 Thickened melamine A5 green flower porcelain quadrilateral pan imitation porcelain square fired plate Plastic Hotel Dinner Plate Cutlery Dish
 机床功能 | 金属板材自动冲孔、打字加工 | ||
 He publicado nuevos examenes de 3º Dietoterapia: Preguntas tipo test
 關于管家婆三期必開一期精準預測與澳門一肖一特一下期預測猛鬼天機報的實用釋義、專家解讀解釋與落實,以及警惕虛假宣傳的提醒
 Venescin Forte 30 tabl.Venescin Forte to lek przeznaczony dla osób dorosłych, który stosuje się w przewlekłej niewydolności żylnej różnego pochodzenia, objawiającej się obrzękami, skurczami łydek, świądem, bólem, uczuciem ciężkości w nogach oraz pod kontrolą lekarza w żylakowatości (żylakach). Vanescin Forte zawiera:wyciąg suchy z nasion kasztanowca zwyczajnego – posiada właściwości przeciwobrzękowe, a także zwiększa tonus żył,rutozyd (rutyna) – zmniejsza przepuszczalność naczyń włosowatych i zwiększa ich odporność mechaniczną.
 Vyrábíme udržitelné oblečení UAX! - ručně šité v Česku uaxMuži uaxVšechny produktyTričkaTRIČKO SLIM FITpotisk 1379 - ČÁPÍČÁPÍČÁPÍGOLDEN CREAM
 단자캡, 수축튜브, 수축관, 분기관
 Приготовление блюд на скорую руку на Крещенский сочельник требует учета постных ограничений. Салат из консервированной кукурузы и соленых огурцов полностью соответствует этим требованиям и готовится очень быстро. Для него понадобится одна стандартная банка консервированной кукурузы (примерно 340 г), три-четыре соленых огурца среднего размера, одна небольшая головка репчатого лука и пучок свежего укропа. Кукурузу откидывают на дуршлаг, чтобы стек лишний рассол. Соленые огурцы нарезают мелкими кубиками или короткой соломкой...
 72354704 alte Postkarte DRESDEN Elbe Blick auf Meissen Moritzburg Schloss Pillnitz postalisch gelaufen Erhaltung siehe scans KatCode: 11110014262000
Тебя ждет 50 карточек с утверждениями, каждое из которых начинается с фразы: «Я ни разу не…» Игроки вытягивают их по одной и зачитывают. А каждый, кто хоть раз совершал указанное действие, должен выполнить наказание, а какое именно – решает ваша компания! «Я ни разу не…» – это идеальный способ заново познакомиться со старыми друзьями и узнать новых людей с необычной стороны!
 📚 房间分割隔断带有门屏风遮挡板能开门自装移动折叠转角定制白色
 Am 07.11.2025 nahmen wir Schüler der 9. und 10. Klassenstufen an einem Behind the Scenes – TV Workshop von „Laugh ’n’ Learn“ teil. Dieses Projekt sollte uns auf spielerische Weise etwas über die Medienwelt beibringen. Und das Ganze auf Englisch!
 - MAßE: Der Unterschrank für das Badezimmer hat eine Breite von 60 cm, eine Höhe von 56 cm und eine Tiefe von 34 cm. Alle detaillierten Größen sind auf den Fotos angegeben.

※ ※ ※

Among the entries above, the lines between the ones containing "Vyrábíme udržitelné oblečení" and "단자캡, 수축튜브, 수축관, 분기관", inclusive, are to be transcribed exactly. No other line is to be given.

 Vyrábíme udržitelné oblečení UAX! - ručně šité v Česku uaxMuži uaxVšechny produktyTričkaTRIČKO SLIM FITpotisk 1379 - ČÁPÍČÁPÍČÁPÍGOLDEN CREAM
 단자캡, 수축튜브, 수축관, 분기관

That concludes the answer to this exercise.